= Uday Shankar Hazarika =

Indian politician

Uday Shankar Hazarika (born 1958) is an Indian politician from Assam. He is a member of the Indian National Congress and was the party's candidate in the 2024 Indian general election from Lakhimpur Lok Sabha constituency. Hazarika was formerly a senior leader of the Bharatiya Janata Party (BJP) in Assam, and was the BJP's candidate in the 1998, 1999, and 2004 general elections from Lakhimpur.

==Early life==
Uday Shankar Hazarika is the son of Dimbeshwar Hazarika. He is a resident of North Lakhimpur, Assam.
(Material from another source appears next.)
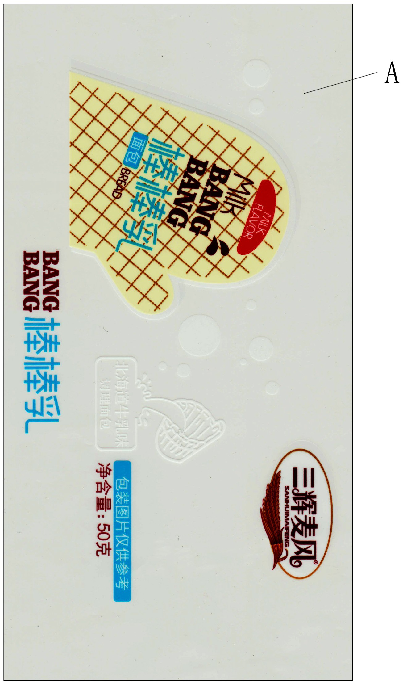 1.本外观设计产品的名称:包装袋(棒棒乳)。2.本外观设计产品的用途:本外观设计产品用于包装产品。3.本外观设计产品的设计要点:产品的形状、图案、颜色及其结合。4.最能表明本外观设计设计要点的图片或照片:主视图。5.省略视图:其他视图无设计特点,省略其他视图。6.请求保护的外观设计包含的色彩。7.A、B处为透明部分。

After studying at North Lakhimpur College, Hazarika graduated from Dibrugarh University in 1983. Hazarika has served as the president of the Lakhimpur District Chambers of Commerce.

==Political career==
As a member of the Bharatiya Janata Party, Hazarika contested in the 1998 Indian general election from Lakhimpur, finishing third with 1,30,298 votes (19.41pc) behind second-placed Arun Kumar Sarmah of the Asom Gana Parishad (1,48,012 votes, 22.05pc). Hazarika stood as a candidate in Lakhimpur again in 1999, finishing third with 1,84,533 votes (24.81pc) behind second-placed Sarbananda Sonowal of the Asom Gana Parishad (2,01,402 votes, 27.08pc). In 2004, Hazarika ran as the Bharatiya Janata Party's candidate for a third consecutive occasion, finishing third with 1,69,123 votes (21.1pc) behind second-placed Ranee Narah of the Indian National Congress (2,72,717 votes, 34.1pc). On December 20, 2023, Hazarika joined the Indian National Congress. In 2024, Hazarika was nominated as the Indian National Congress candidate for Lakhimpur in the 2024 Indian general election. In the general elections, Hazarika received 4,61,865 votes (38.13pc), finishing second behind the Bharatiya Janata Party candidate, Pradan Baruah, who received 6,63,122 (54.75pc) votes.